▶ Work request
Transcribe the entries below exactly, starting with the line that has "Илья Беспалов поблагодарил" and stopping after the line that has "The Washed Mix"; no pictures belong in the copy.

▶ Available records
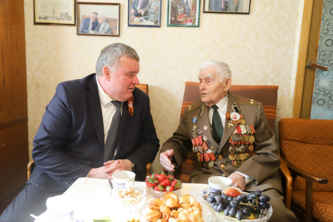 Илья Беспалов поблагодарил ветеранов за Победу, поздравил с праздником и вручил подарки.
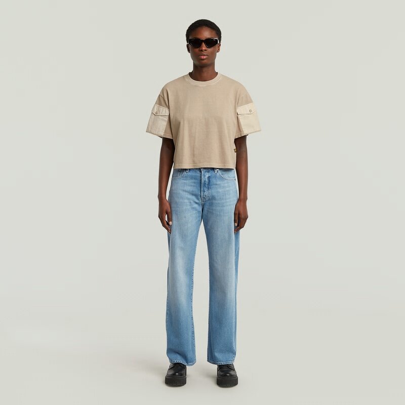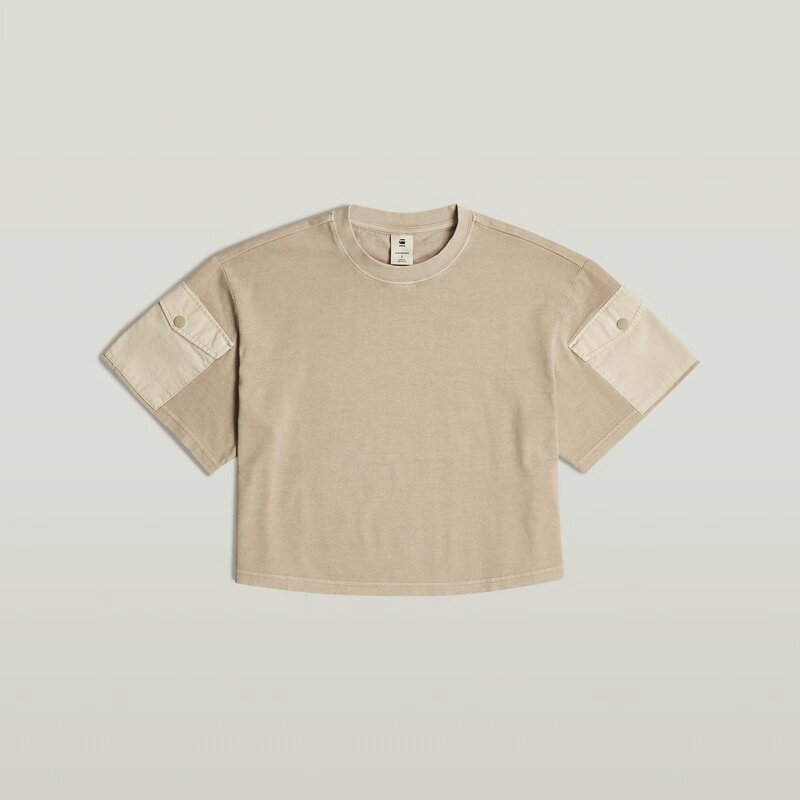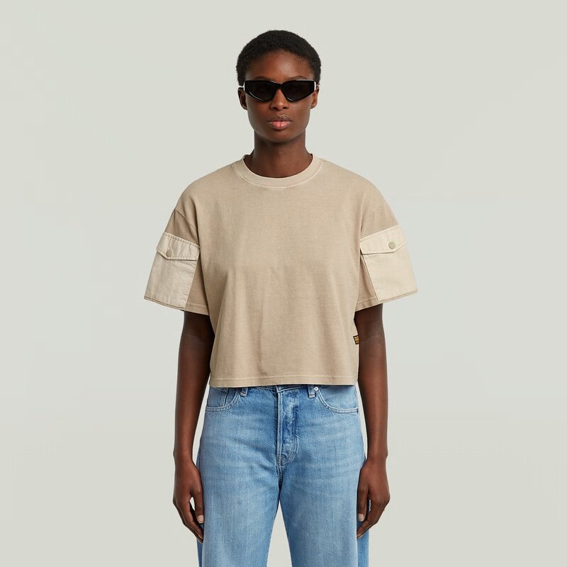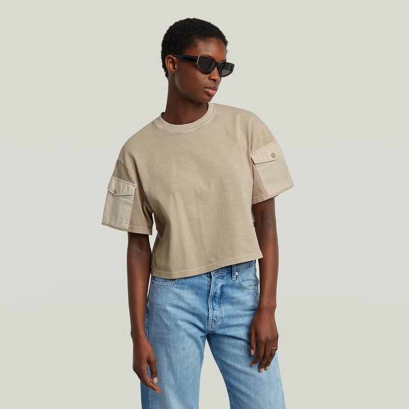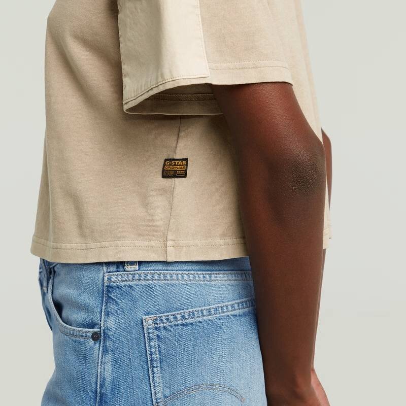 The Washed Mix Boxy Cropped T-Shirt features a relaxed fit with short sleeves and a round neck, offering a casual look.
---
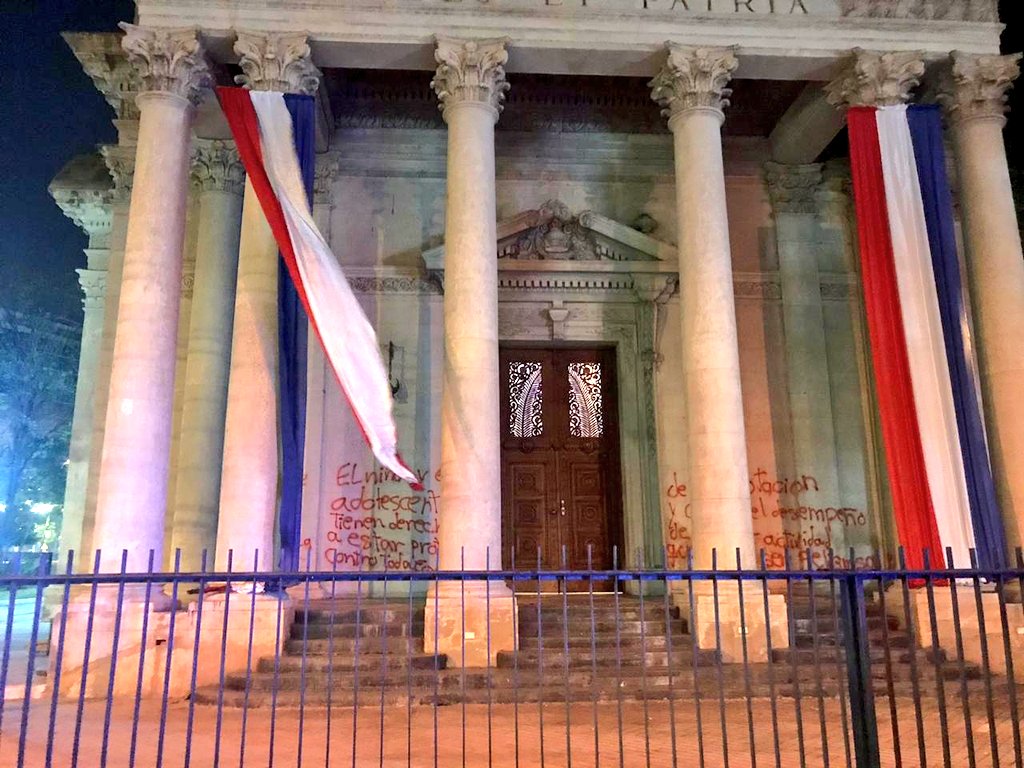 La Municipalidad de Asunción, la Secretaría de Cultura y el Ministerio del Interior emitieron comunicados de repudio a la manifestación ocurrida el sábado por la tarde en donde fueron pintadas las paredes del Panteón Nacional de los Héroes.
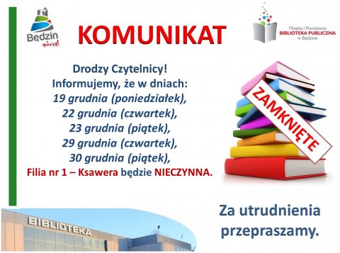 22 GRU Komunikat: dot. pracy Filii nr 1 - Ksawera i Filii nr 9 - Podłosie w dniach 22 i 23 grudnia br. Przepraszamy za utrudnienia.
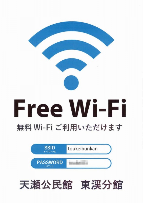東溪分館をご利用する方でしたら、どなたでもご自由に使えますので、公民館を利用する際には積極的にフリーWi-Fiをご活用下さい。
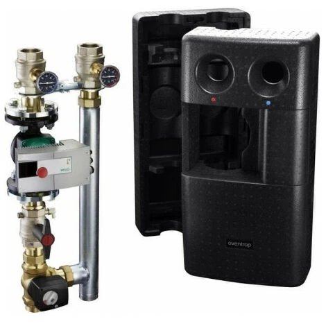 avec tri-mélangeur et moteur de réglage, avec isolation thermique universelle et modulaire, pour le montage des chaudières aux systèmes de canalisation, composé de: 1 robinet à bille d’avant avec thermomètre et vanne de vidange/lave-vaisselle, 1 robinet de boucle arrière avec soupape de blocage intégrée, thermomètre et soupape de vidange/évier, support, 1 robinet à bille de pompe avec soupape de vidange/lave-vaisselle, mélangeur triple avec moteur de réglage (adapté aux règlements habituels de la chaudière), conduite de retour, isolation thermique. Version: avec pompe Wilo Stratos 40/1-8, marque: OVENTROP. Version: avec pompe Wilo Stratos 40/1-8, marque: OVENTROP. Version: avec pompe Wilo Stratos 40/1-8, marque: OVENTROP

▶ Answer for this exercise
 Илья Беспалов поблагодарил ветеранов за Победу, поздравил с праздником и вручил подарки.
 The Washed Mix Boxy Cropped T-Shirt features a relaxed fit with short sleeves and a round neck, offering a casual look.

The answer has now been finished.